From the listing below, reproduce word for word the part that opens with the line containing "Is there a trailer" and closes with the line containing "Chief Minister K."; reproduce nothing else.

======== MATERIAL FOR THE TASK ========

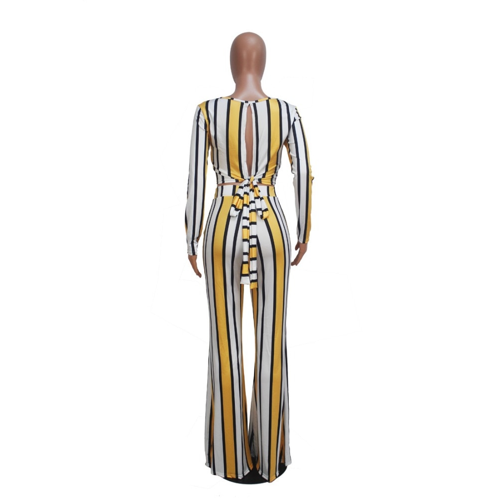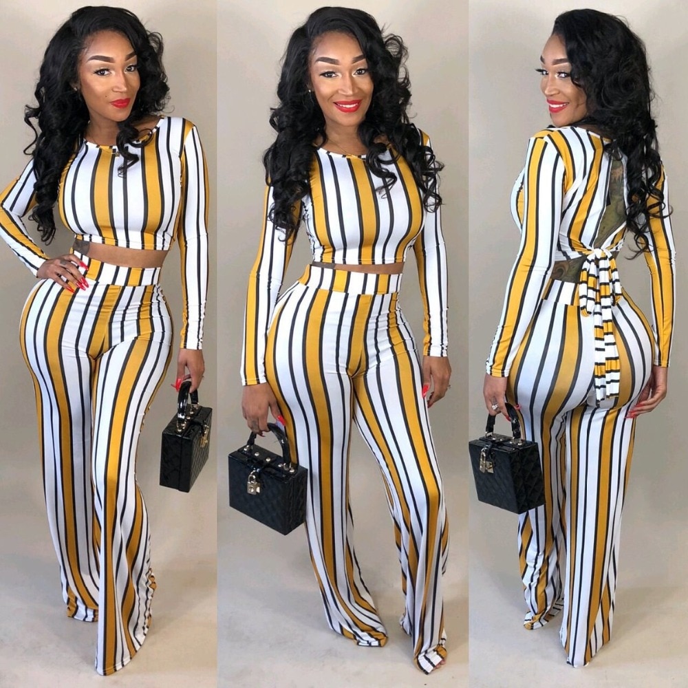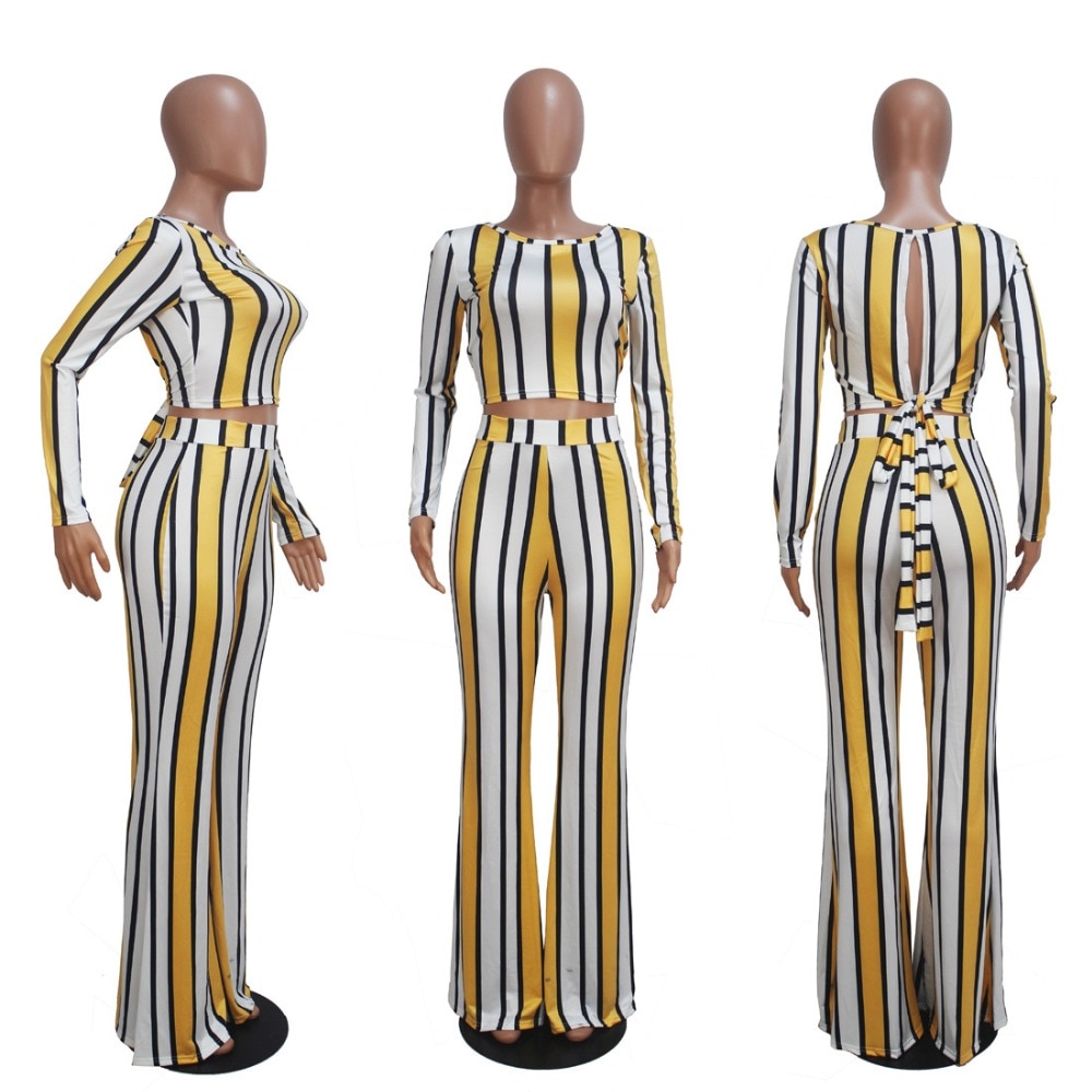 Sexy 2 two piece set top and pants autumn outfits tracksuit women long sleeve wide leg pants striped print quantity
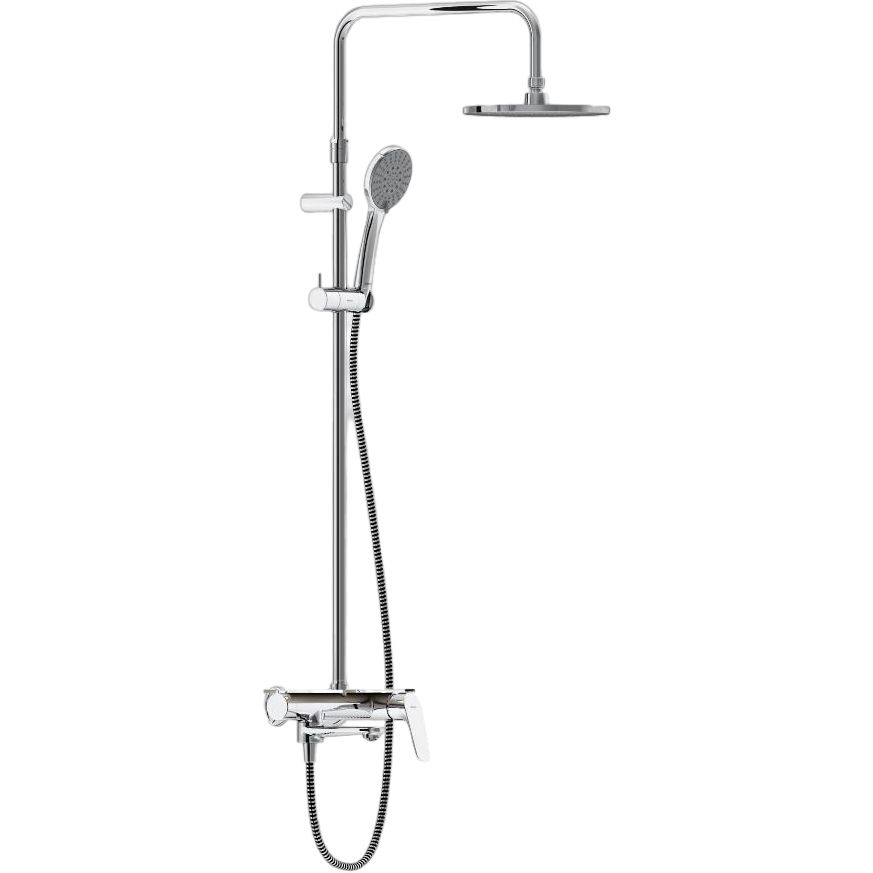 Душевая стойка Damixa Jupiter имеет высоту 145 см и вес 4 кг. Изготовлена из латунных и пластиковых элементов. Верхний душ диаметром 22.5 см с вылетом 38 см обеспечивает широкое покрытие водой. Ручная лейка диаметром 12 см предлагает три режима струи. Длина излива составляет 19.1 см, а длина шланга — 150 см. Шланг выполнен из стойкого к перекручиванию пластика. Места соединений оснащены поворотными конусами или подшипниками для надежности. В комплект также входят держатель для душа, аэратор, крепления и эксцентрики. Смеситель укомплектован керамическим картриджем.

========
======== MATERIAL FOR THE TASK ========

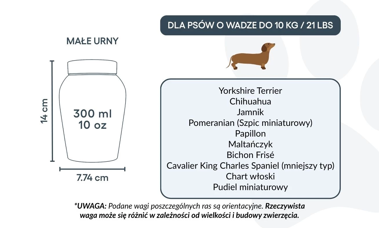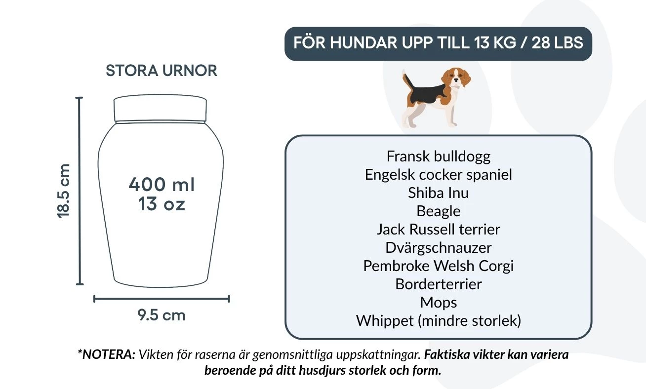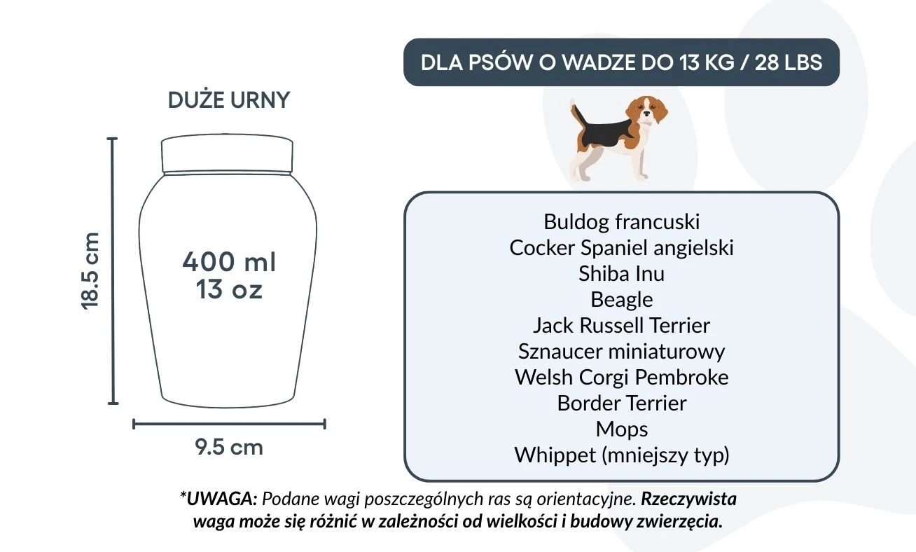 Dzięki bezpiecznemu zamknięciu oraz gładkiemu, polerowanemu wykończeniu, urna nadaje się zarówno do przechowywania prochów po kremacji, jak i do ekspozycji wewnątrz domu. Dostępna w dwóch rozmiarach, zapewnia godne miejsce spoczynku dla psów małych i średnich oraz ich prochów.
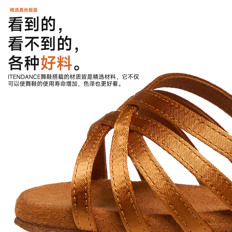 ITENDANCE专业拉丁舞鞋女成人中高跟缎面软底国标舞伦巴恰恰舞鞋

========
======== MATERIAL FOR THE TASK ========

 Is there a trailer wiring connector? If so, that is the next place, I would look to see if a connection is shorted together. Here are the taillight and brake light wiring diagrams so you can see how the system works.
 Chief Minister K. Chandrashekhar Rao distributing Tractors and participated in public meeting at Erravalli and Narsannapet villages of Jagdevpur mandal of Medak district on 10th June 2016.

========

● ANSWER BELOW
 Is there a trailer wiring connector? If so, that is the next place, I would look to see if a connection is shorted together. Here are the taillight and brake light wiring diagrams so you can see how the system works.
 Chief Minister K. Chandrashekhar Rao distributing Tractors and participated in public meeting at Erravalli and Narsannapet villages of Jagdevpur mandal of Medak district on 10th June 2016.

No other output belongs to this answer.